MAY 2023 NEWS VICTOR OLUWAJOBI, JOKE ALIU, OLUDARE SENBORE, CEPHAS CALEB AND MICHAEL IWUOHA

The President of the Federal Republic of Nigeria recently assented to sixteen (16) Constitution Alteration Bills, some of which have decentralised certain critical sectors of the economy previously controlled by the Federal Government.

Notable sectors of the economy affected by the amendments are railway and electricity. We have provided commentaries on the implications of the amendments in these two sectors and the business opportunities that these portend.

Highlights Of The Constitutional Amendments On Railway And Electricity

 

Nigeria operates a federal system of government, and under the Constitution of the Federal Republic of Nigeria, 1999 (As Amended) (the “Constitution”), the country’s law-making powers are shared between the Federal Government on one hand, and the thirty-six states of the Federation on the other hand.  The National Assembly is conferred with powers to make laws for the Federal Government and the Federal Capital Territory (FCT), while the Houses of Assembly are empowered to make laws for their respective states.

The Second Schedule to the Constitution provides for matters within the exclusive and concurrent legislative lists. The National Assembly has the legislative competence over matters in the exclusive list while both the National and the Houses of Assembly are empowered to legislate over matters in the concurrent legislative list.

Prior to the amendments, railway was on the exclusive legislative list of the Constitution, but the Fifth Alteration Bill No. 16 (“Act No. 16”) has now removed railway from the exclusive list and transferred it to the concurrent legislative list, thereby giving powers to both the Federal and State governments to regulate the subject.

With respect to electricity, this subject matter has always been on the concurrent legislative list of the Constitution.
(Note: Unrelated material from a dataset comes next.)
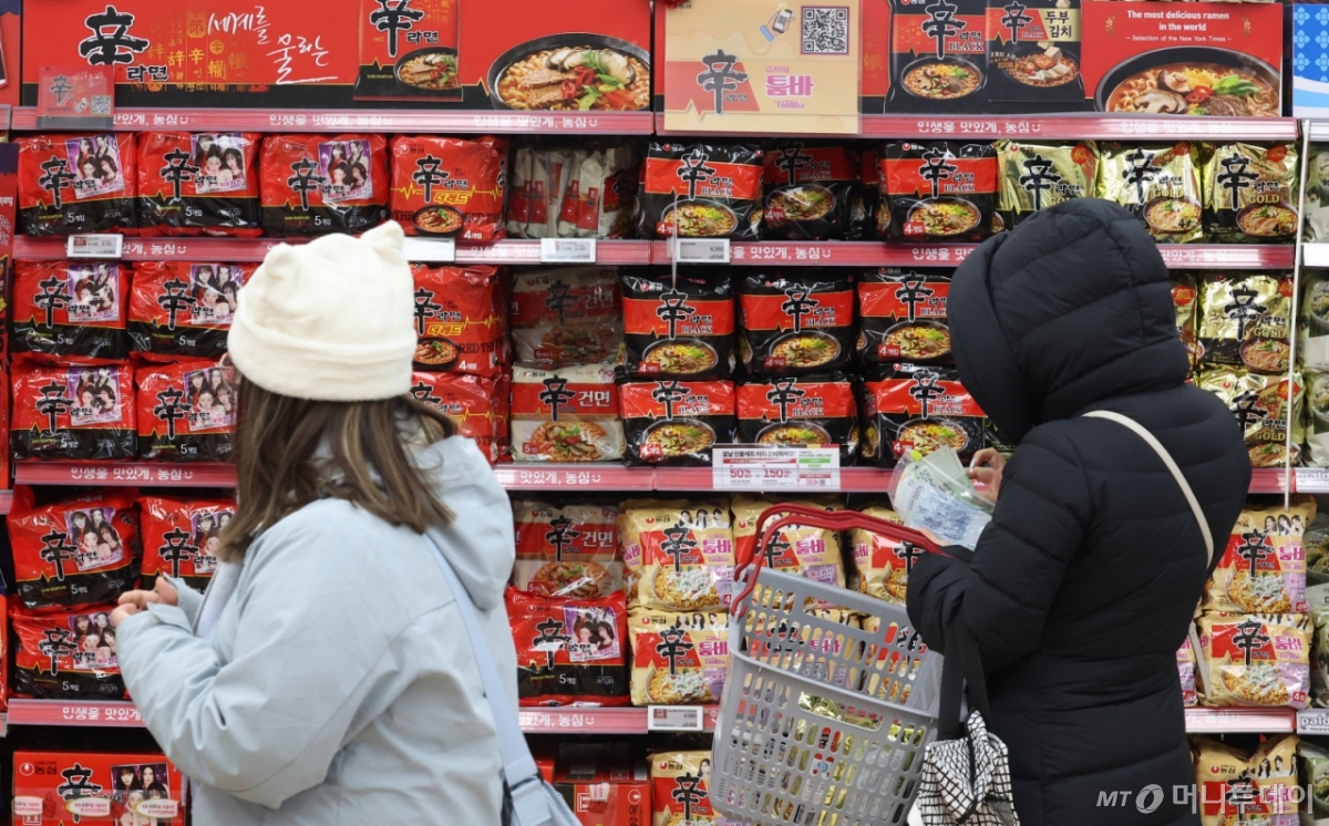 ![[서울=뉴시스] 추상철 기자 = 12일 오후 서울시내 한 대형마트에서 외국인 관광객이 라면을 고르고 있다. 2026.01.12. scchoo@newsis.com /사진=추상철](https://thumb.mt.co.kr/cdn-cgi/image/f=avif/21/2026/03/2026031115272675951_1.jpg)

In other words, both the National Assembly and the Houses of Assembly were empowered under the Constitution, to legislate on the subject of electricity. However, the extent to which the Houses of Assembly could make laws on electricity was circumscribed.

Prior to the passage of the Fifth Alteration Bill No. 17 (“Act No. 17”), paragraph 14(b), Part II of the Second Schedule to the Constitution provided that “a house of assembly may make laws for the state with respect to the generation, transmission and distribution of electricity to areas not covered by a national grid system within that State.”[1]

The effect of the above provision of the Constitution was that whereas the National Assembly could make laws on all aspects of the electricity value chain in all parts of the country, the House of Assembly of a state could only legislate in areas within the geographical location of the state, that were not covered by the national grid.

While the geographical location of a state has never been in issue, determining those areas of a state that are not covered by the national grid was complicated and caused extensive debates as the national grid currently traverses all the states of the Federation. The Constitution offered no guidance for the interpretation of this provision and there has so far been no known judicial pronouncement on the issue, leaving much room for uncertainty.